_What to work on_
The answer must be only the lines below from the one holding "Продан.Нож изготовлен из" down to the one holding "Đánh giá sự", ends included, printed exactly; please omit all pictures.

_Records shown_
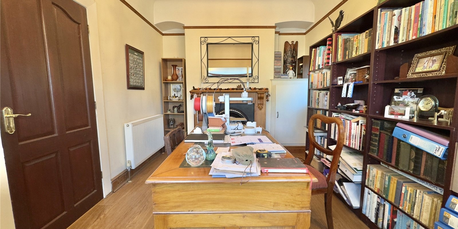 Internally, the property provides a surprisingly spacious and flexible layout. The entrance hallway leads to a bay-fronted reception room at the front which could also serve as a fourth bedroom if required. A well-proportioned kitchen/breakfast room flows into the dining room with feature fireplace and side window, while the main rear lounge enjoys garden views and a cosy wood-burning stove.
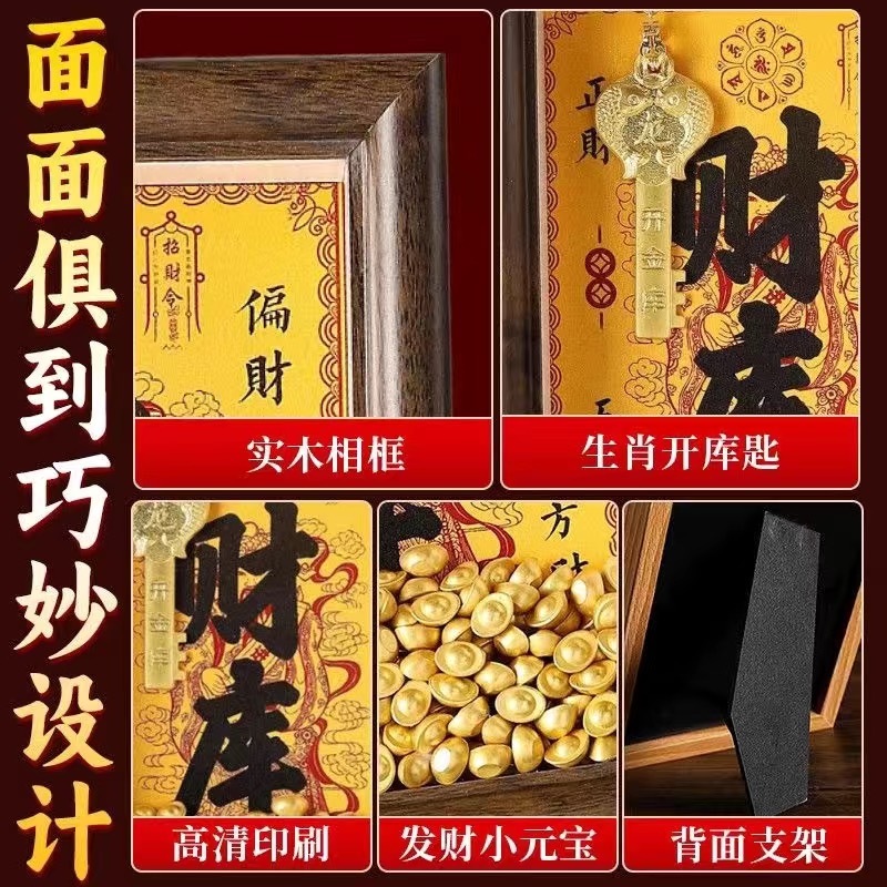 开金库黄财神财相框办公室工位摆件十二生肖金钥匙招财客厅金元宝
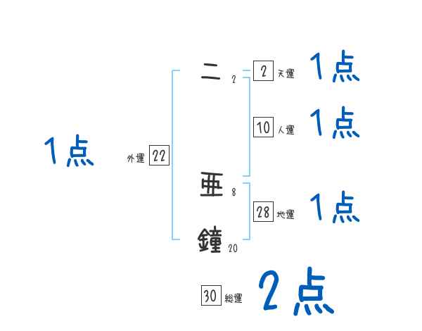 二亜鐘さんの画数の鑑定結果
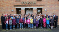 Kreis Viersen, Kreissportbund Viersen und die Sparkasse Krefeld / Kreis Viersen ehren die erfolgreichen Schüler im Laufabzeichen- und Sportabzeichen-Wettbewerb. Franz Terlinden, Marketing Sparkasse Krefeld / Kreis Viersen (2. Reihe, 1.v.r.), Angelika Feller, Vorsitzende des Kreissportbund Viersen (2. Reihe, 2.v.r.), Dr. Thomas Mohr, Vorsitzender des Ausschuss für den Schulsport Kreis Viersen (3. Reihe, 2.v.r.), und Joachim Hennig, Abteilungsleiter Schulamtsangelegenheiten (3. Reihe, 6.v.r.) gratulieren stellvertretend. Foto: Rouven Soyka / Abdruck honorarfrei
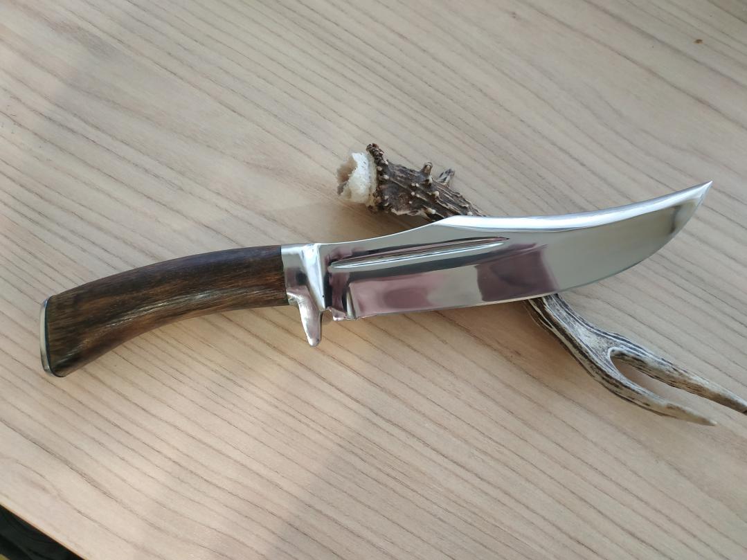 Продан.Нож изготовлен из тепловозного клапана.Следы ковки присутствуют.Общая длина 30 см,длина клинка 18 см,толщина в обухе 5мм.Монтаж сквозной.Сталь лютая,хоть по костям,хоть по гвоздям.В комплекте кожанные ножны.Цена 2900р.т.8902375ноль ноль 91
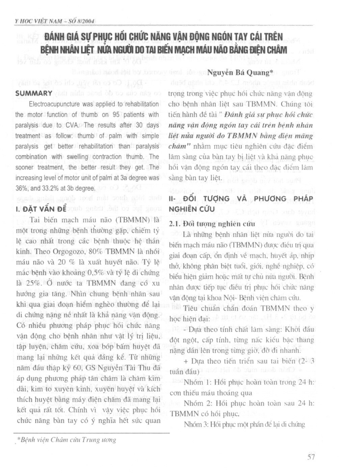 Đánh giá sự phục hồi chức năng vận động ngón tay cái trên bệnh nhân liệt nửa người do tai biến mạch máu não bằng điện châm
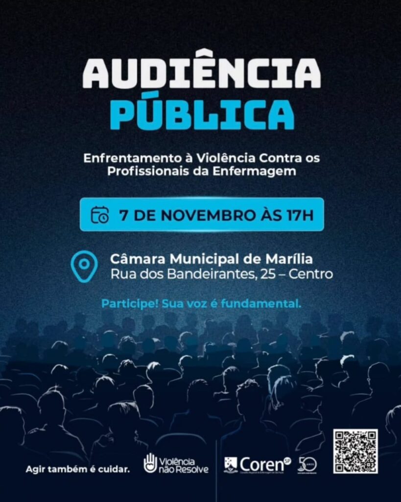 O Conselho Regional de Enfermagem de São Paulo (Coren-SP) realizará, no dia 7 de novembro de 2025, às 17h, uma Audiência Pública sobre o Enfrentamento à Violência Contra os Profissionais de Enfermagem, na Câmara Municipal de Marília. O evento é aberto ao público e tem como objetivo reunir autoridades, profissionais da saúde, representantes da sociedade civil e lideranças políticas para discutir medidas concretas de proteção e valorização da categoria.

_Task output_
 Продан.Нож изготовлен из тепловозного клапана.Следы ковки присутствуют.Общая длина 30 см,длина клинка 18 см,толщина в обухе 5мм.Монтаж сквозной.Сталь лютая,хоть по костям,хоть по гвоздям.В комплекте кожанные ножны.Цена 2900р.т.8902375ноль ноль 91
 Đánh giá sự phục hồi chức năng vận động ngón tay cái trên bệnh nhân liệt nửa người do tai biến mạch máu não bằng điện châm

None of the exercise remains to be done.